# DATA LISTING
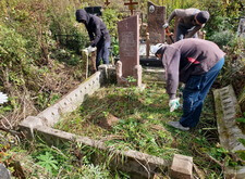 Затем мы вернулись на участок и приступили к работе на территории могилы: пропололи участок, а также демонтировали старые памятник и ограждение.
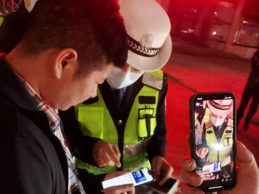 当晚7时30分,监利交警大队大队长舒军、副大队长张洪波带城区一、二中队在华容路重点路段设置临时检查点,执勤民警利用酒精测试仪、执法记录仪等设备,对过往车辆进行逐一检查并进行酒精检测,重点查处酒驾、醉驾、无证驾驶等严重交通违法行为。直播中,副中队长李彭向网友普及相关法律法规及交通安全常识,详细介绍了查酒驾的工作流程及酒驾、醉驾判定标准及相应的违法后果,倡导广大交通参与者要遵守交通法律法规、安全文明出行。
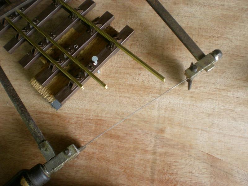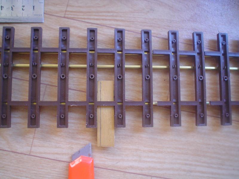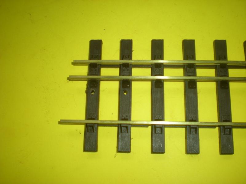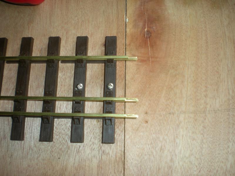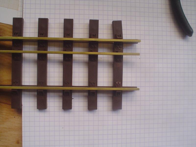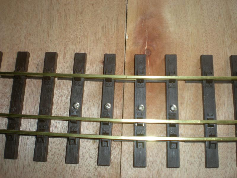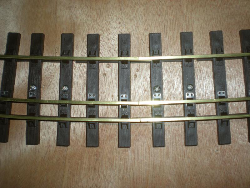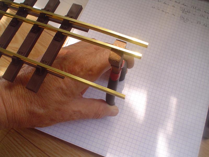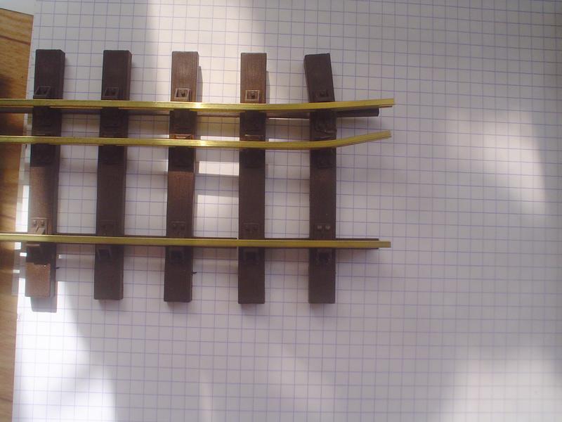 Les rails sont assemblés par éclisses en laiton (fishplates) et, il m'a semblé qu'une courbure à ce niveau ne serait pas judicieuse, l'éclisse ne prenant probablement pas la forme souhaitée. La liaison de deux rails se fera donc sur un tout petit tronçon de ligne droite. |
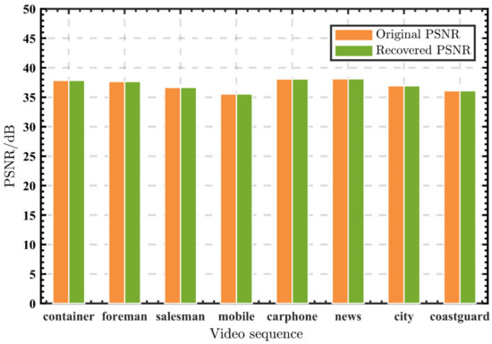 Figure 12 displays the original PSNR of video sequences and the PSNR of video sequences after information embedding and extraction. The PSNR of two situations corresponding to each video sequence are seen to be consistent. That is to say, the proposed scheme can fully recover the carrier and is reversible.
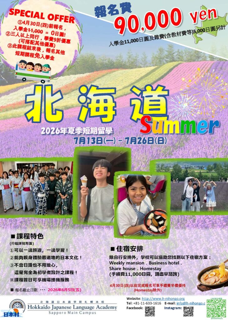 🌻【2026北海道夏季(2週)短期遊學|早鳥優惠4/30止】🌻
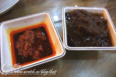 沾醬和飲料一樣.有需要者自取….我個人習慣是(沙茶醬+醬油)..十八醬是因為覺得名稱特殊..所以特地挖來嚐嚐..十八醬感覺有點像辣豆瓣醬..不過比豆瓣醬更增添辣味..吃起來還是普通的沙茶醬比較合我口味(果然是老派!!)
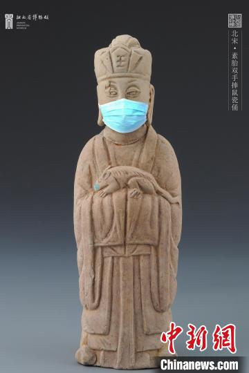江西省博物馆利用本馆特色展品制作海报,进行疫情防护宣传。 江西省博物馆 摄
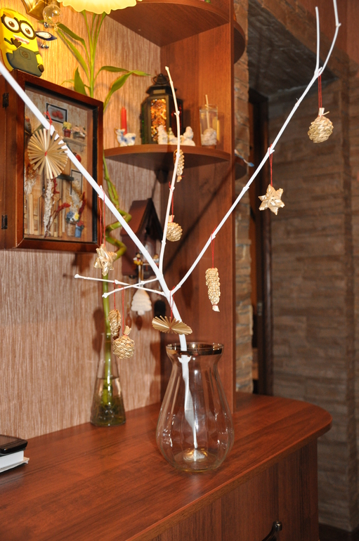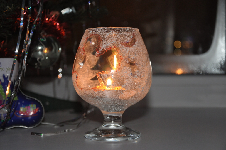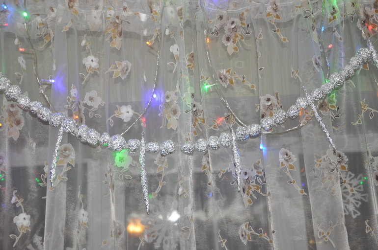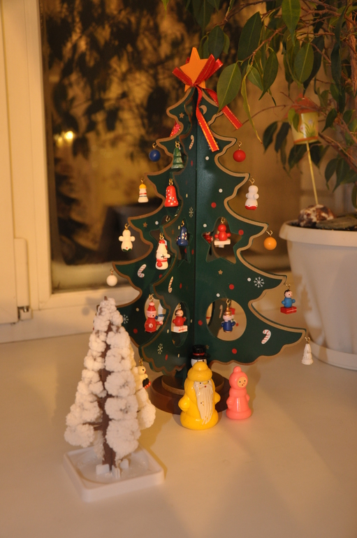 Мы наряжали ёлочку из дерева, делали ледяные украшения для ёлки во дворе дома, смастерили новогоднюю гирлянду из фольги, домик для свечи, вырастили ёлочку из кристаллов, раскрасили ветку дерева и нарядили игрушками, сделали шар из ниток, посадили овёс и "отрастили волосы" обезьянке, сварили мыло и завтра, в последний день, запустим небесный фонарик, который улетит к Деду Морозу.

* * *

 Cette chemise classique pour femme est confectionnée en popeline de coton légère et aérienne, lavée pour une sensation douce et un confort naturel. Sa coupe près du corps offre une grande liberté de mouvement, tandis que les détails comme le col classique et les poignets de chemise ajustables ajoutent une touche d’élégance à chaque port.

# ASSIGNMENT
Exact copy, no pictures. Write out the lines in the entries above, starting with the line with "Затем мы вернулись" and going on through the line with "江西省博物馆利用本馆特色展品制作海报,进行疫情防护宣传。 江西省博物馆 摄", keeping both.

# EXERCISE OUTPUT
 Затем мы вернулись на участок и приступили к работе на территории могилы: пропололи участок, а также демонтировали старые памятник и ограждение.
 当晚7时30分,监利交警大队大队长舒军、副大队长张洪波带城区一、二中队在华容路重点路段设置临时检查点,执勤民警利用酒精测试仪、执法记录仪等设备,对过往车辆进行逐一检查并进行酒精检测,重点查处酒驾、醉驾、无证驾驶等严重交通违法行为。直播中,副中队长李彭向网友普及相关法律法规及交通安全常识,详细介绍了查酒驾的工作流程及酒驾、醉驾判定标准及相应的违法后果,倡导广大交通参与者要遵守交通法律法规、安全文明出行。
 Les rails sont assemblés par éclisses en laiton (fishplates) et, il m'a semblé qu'une courbure à ce niveau ne serait pas judicieuse, l'éclisse ne prenant probablement pas la forme souhaitée. La liaison de deux rails se fera donc sur un tout petit tronçon de ligne droite. |
 Figure 12 displays the original PSNR of video sequences and the PSNR of video sequences after information embedding and extraction. The PSNR of two situations corresponding to each video sequence are seen to be consistent. That is to say, the proposed scheme can fully recover the carrier and is reversible.
 🌻【2026北海道夏季(2週)短期遊學|早鳥優惠4/30止】🌻
 沾醬和飲料一樣.有需要者自取….我個人習慣是(沙茶醬+醬油)..十八醬是因為覺得名稱特殊..所以特地挖來嚐嚐..十八醬感覺有點像辣豆瓣醬..不過比豆瓣醬更增添辣味..吃起來還是普通的沙茶醬比較合我口味(果然是老派!!)
江西省博物馆利用本馆特色展品制作海报,进行疫情防护宣传。 江西省博物馆 摄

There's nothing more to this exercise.